2. Variable assignment for simple data types. This allows you to define your own variables, and set them to equal a simple data type: text (strings), integers, double precision numbers, or one dimensional vectors of strings or numbers. This feature enables you to write easily re-usable scripts: you only need to set the variables once at the beginning of your script, and then you can refer to the variable name in all subsequent commands. One obvious way that this is useful is if you want to run the same set of commands on similar datasets in many folders, or on different drives or computers - you only need to change the path variable once rather than search and replace the incorrect path in every single command. (Also see the ls() command when using variable assignment).

3. r.eval() function.
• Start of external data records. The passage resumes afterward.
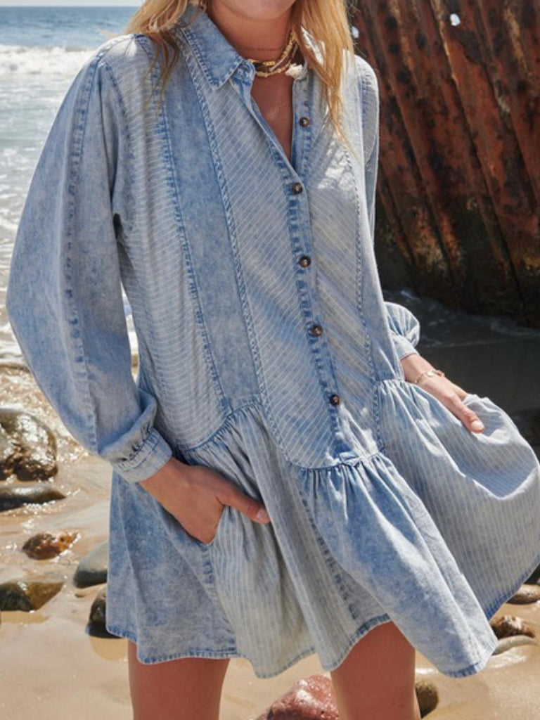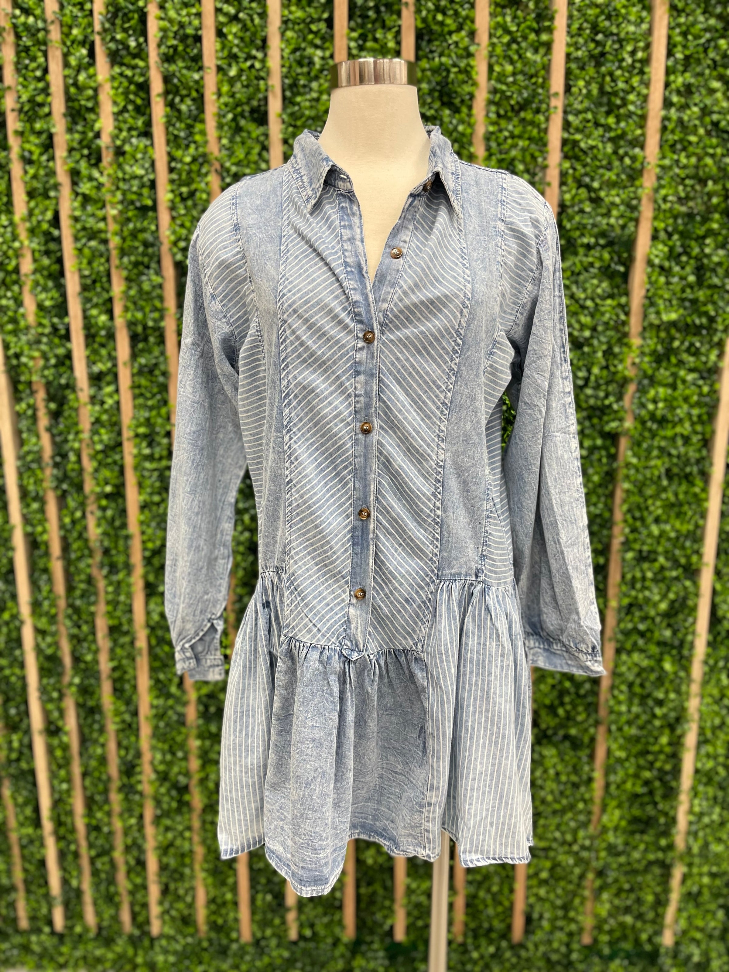 Blue Acid Wash Stripe Detail Drop Waist Dress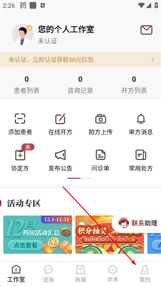 1、打開藥匣子App的工作室頁面,點擊底部的我的選項。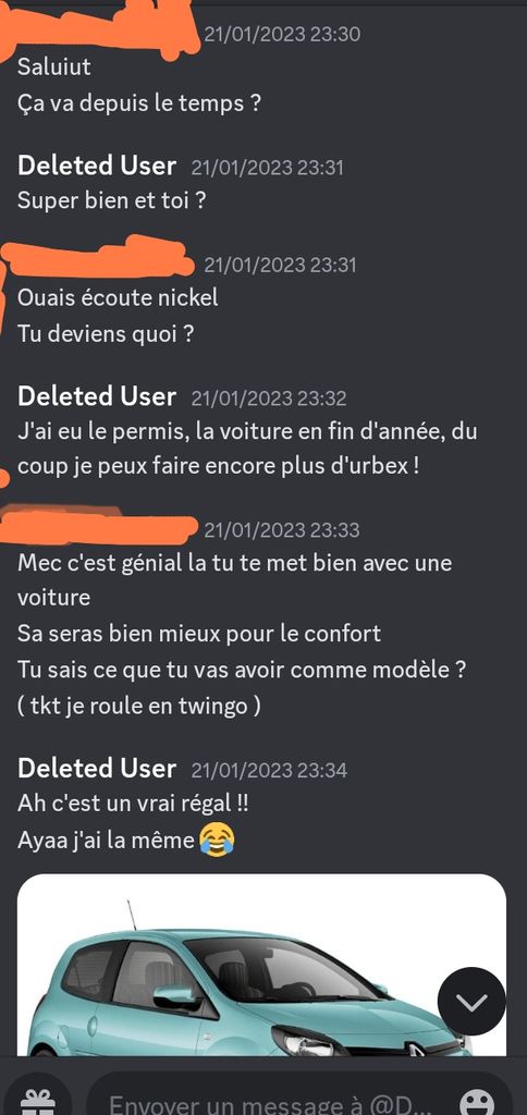 J'aimerais rentrer en contact avec lui, on s'est reparlé y'a 6 semaines mais son discord s'est fait down car il raid bcp de serv discord, je l'ai rencontré quand il a mit des photos de merde et de culottes partout sur le mien mais on a sympathisé et j'ai découvert quelqu'un de doux et sensible qui n'a rien d'un scato

This function evaluates R code, retrieves the output of that code, and embeds it into the GME command string. This provides you with a way of linking the phenomenal power of R with GME. Sometimes the r.eval() functions is simply a matter of convenience , for instance, rather than typing a 50 value sequence by hand, e.g. c(0, 0.02, 0.04 ... 0.98, 1), we could type r.eval(seq(0,1,0.02)). More importantly, it allows you to access much more powerful R code to parameterize your GME commands. For instance, you might use the optimisation commands in R to generate a maximum likelihood parameter value.

4. paste() function. This function is similar to the R paste function. It allows you to construct strings (text) dynamically. This is particularly important within for loops. For instance, assuming we have set the variable called path (path <- "C:\data\rasters\"), and we have written a for loop as for(i in 1:3){...}, then this paste function: paste(path, "tmband", i, ".tif") evaluates to: "C:\data\rasters\tmband1.tif" in the first loop. A more complete example is provided below.
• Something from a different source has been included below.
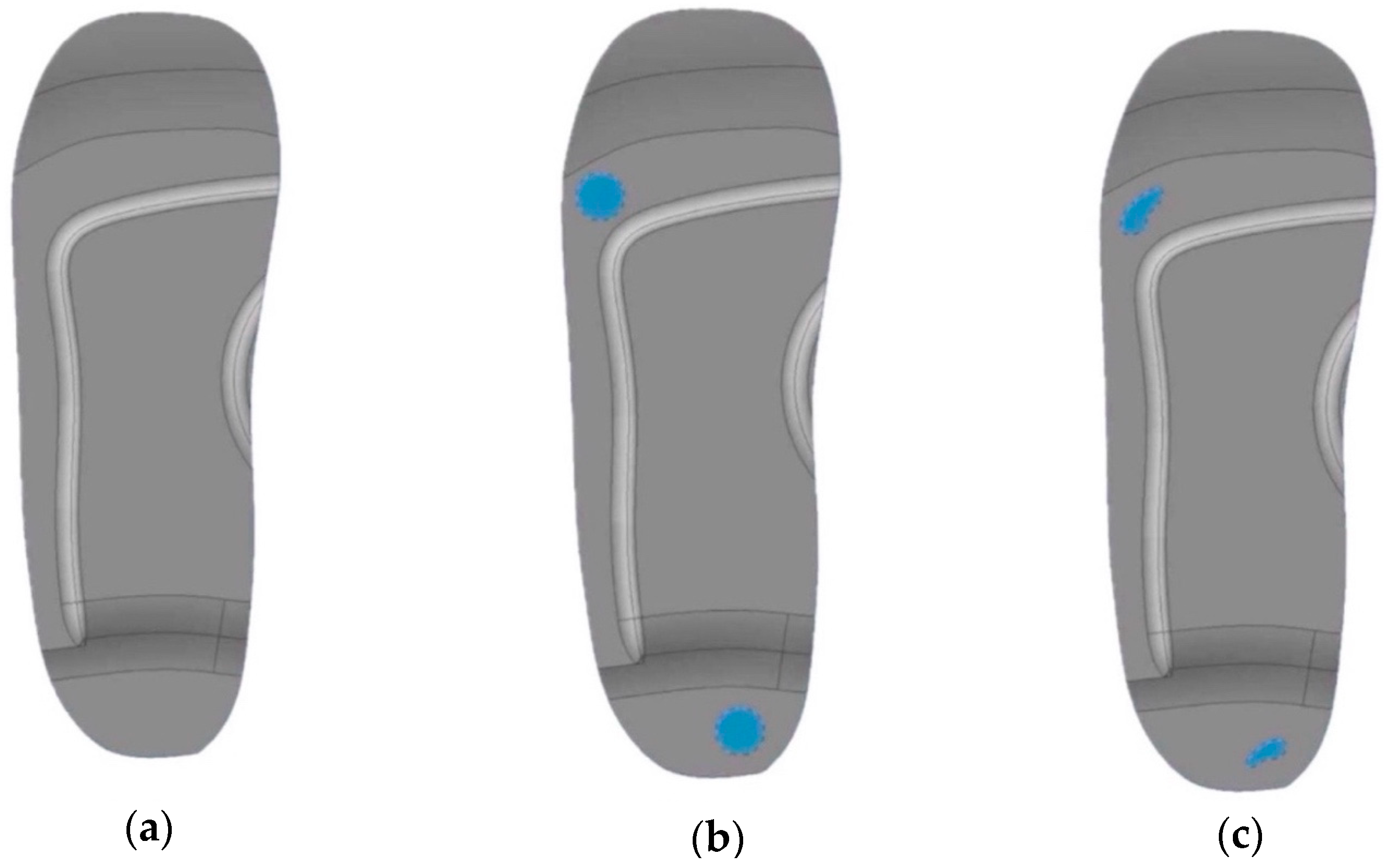 - Tang, L.; Wang, L.; Bao, W.; Zhu, S.; Li, D.; Zhao, N.; Liu, C. Functional Gradient Structural Design of Customized Diabetic Insoles. J. Mech. Behav. Biomed. Mater. 2019, 94, 279–287. [Google Scholar] [CrossRef] [PubMed]

5. The "where" clause. This allows you to specify a subset of records/vector features to process based on a simple logical statement (an SQL statement). This makes data management easier (you don't have to split datasets apart to run analyses), and more importantly it provides you with an important mechanism for repeating an analysis on different subsets of data.


Here is an example that brings all these elements together. Imagine you wish to create kernel density estimates for each individual in each month, based on a database of GPS telemetry locations. In this example we assume there are 10 animals with ID numbers 1001-1010, and we want to process points for each month:

inpath <- "C:\data\"

outpath <- "C:\output\"

for (i in 1001:1010) {

for (j in 1:12) {

kde(in=paste(inpath, "telemetry.shp"), out=paste(outpath, "kde_an", i, "_m", j, ".img"), bandwidth=1000, cellsize=r.eval((250000-120000)/2000), where=paste("ANIMALID=", i, " AND MONTH=", j));



These few lines of code generate 120 kde commands. How does this work? There are two loops: one loop that corresponds to the animal ID numbers as is identified with the variable 'i', and a second nested loop corresponding to the month with variable 'j'. Note that there are three 'paste' commands embedded within the kde command, two of which use the two index variables i and j. The r.eval() statement is simplistic and contrived, but does illustrate how it can be used.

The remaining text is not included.